The ResourceMeta base class provides encode and decode methods that use JSON serialization by default, ensuring your metadata can be safely stored in Flyte's database.

Step 2: Implement the Async Connector

The AsyncConnector is the core of the integration. You must implement three primary methods: create, get, and delete.

Add the connector implementation to connector.py:

import time
import uuid
from typing import Any, Dict, Optional
from flyteidl2.core.execution_pb2 import TaskExecution
from flyte.connectors import AsyncConnector, Resource

class BatchJobConnector(AsyncConnector):
name = "Batch Job Connector"
task_type_name = "batch_job"
metadata_type = BatchJobMetadata

async def create(
self,
task_template,
output_prefix: str,
inputs: Optional[Dict[str, Any]] = None,
**kwargs,
) -> BatchJobMetadata:
# Simulate submitting a job to an external API
job_id = str(uuid.uuid4())[:8]
print(f"Submitted batch job {job_id}")
return BatchJobMetadata(job_id=job_id, created_at=time.time())

async def get(self, resource_meta: BatchJobMetadata, **kwargs) -> Resource:
# Simulate polling the external API
elapsed = time.time() - resource_meta.created_at

if elapsed < 10: # Simulate a 10-second job
return Resource(phase=TaskExecution.RUNNING, message="Job in progress")

# Return SUCCEEDED phase and the job outputs
return Resource(
phase=TaskExecution.SUCCEEDED,
message="Job completed successfully",
outputs={"result": f"output-from-{resource_meta.job_id}"},
)

async def delete(self, resource_meta: BatchJobMetadata, **kwargs):
# Clean up or cancel the job on the external service
print(f"Cancelled job {resource_meta.job_id}")

Key Components of the Connector

  • create: Invoked when the Flyte task starts. It should return a ResourceMeta object containing the external job's identifier.
  • get: Invoked periodically by Flyte to check the job status. It returns a Resource object containing the current phase (e.g., RUNNING, SUCCEEDED, FAILED).
  • delete: Invoked if the Flyte task is aborted. This should be idempotent.

Step 3: Register the Connector

For Flyte to discover your connector, you must register it with the ConnectorRegistry.

Add this to the bottom of connector.py:

from flyte.connectors import ConnectorRegistry

ConnectorRegistry.register(BatchJobConnector())

In a production environment, you can also use the flyte.connectors entry point in your setup.py or pyproject.toml to automatically register connectors when your package is installed.

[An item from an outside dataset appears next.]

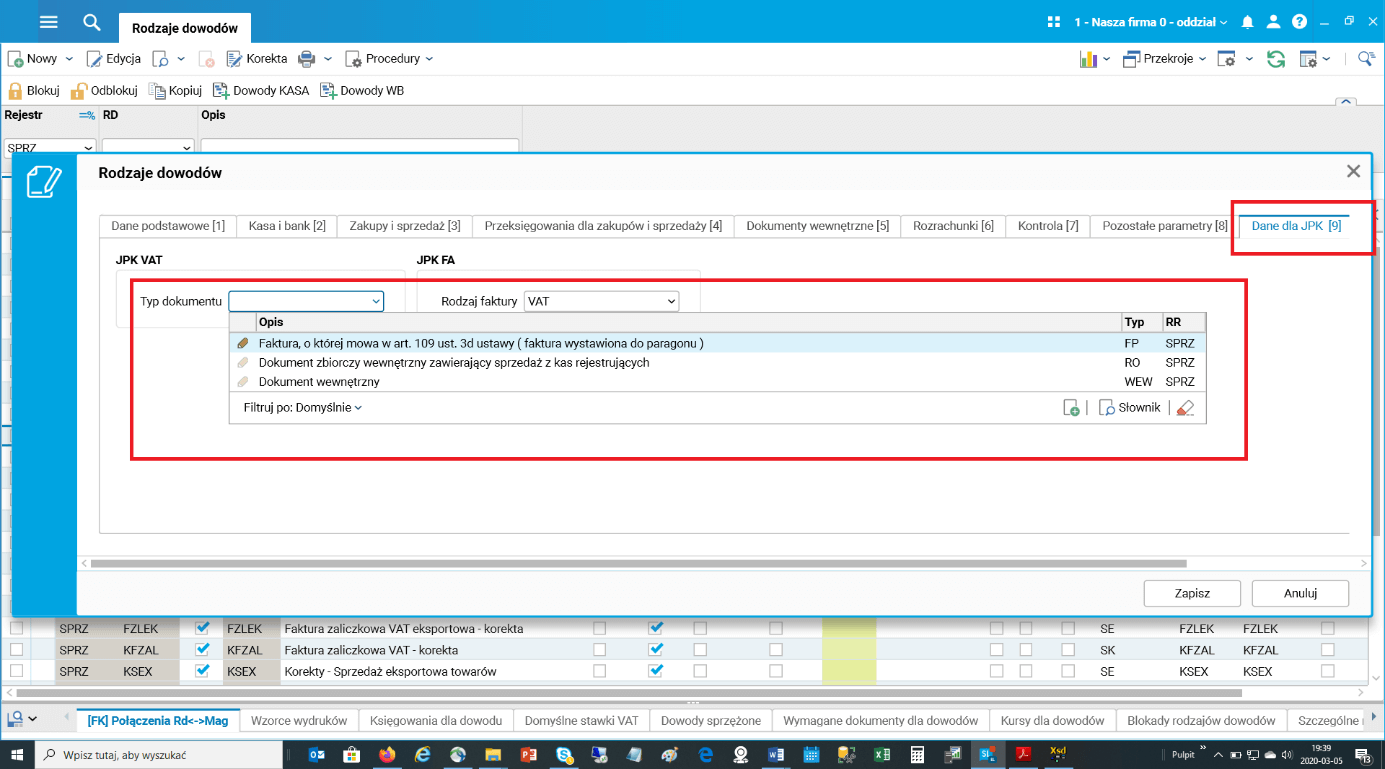 Rys. 10. Szczegół Dodatkowe dane dla JPK w module FK

Step 4: Create the User-Facing Task

To allow users to use this connector in Python, you create a task class that inherits from TaskTemplate and AsyncConnectorExecutorMixin. The mixin enables local execution by delegating calls to your registered connector.

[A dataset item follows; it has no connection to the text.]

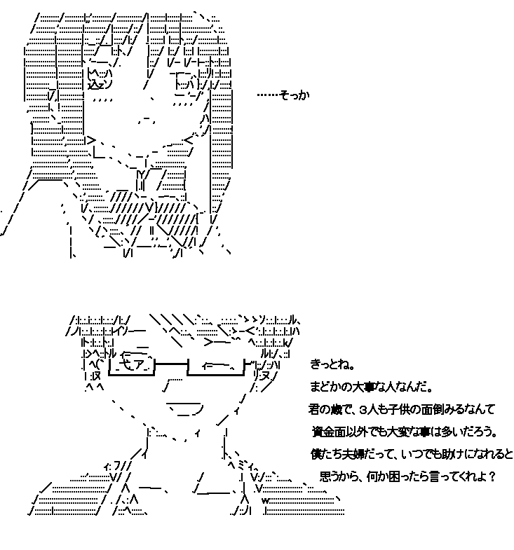 詢子「結局、私は安静にしていて、知久が必至に働いて、お金を稼いでくれた」

Create a file named task.py:

from typing import Any, Dict, Optional, Type
from flyte.connectors import AsyncConnectorExecutorMixin
from flyte.extend import TaskTemplate
from flyte.models import NativeInterface, SerializationContext

class BatchJobTask(AsyncConnectorExecutorMixin, TaskTemplate):
_TASK_TYPE = "batch_job"

def __init__(
self,
name: str,
inputs: Optional[Dict[str, Type]] = None,
outputs: Optional[Dict[str, Type]] = None,
**kwargs,
):
super().__init__(
name=name,
interface=NativeInterface(
{k: (v, None) for k, v in inputs.items()} if inputs else {},
outputs or {},
),
task_type=self._TASK_TYPE,
image=None,
**kwargs,
)

def custom_config(self, sctx: SerializationContext) -> Optional[Dict[str, Any]]:
# You can pass configuration to the connector here
return {"timeout": 300}

Step 5: Local Execution and Testing

Because you used AsyncConnectorExecutorMixin, you can run this task locally. The mixin will look up the BatchJobConnector in the registry and execute the create/get loop.

import asyncio
from task import BatchJobTask
import connector # Ensure the connector is registered

async def run_locally():
task = BatchJobTask(
name="my_batch_job",
inputs={"val": int},
outputs={"result": str}
)

# This will trigger the connector's create and poll get until success
result = await task.execute(val=42)
print(f"Task result: {result}")

if __name__ == "__main__":
asyncio.run(run_locally())

Advanced: Handling Secrets

If your connector needs credentials (like an API key), use the ConnectorSecretsMixin. This ensures secrets are passed from the Flyte environment to your connector methods.

from flyte.connectors import ConnectorSecretsMixin

class SecureBatchJobConnector(ConnectorSecretsMixin, AsyncConnector):
name = "Secure Batch Job"
task_type_name = "secure_batch"

def __init__(self, secrets: Dict[str, str]):
super().__init__(secrets=secrets)

async def create(self, task_template, output_prefix, **kwargs) -> ResourceMeta:
# Secrets are passed in **kwargs based on the keys defined in self._secrets
api_key = kwargs.get("my_api_key")
# Use api_key to authenticate with external service
...

When initializing the connector, you map the internal secret ID to the environment variable name:

connector = SecureBatchJobConnector(secrets={"my_api_key": "EXTERNAL_SERVICE_API_KEY"})
ConnectorRegistry.register(connector)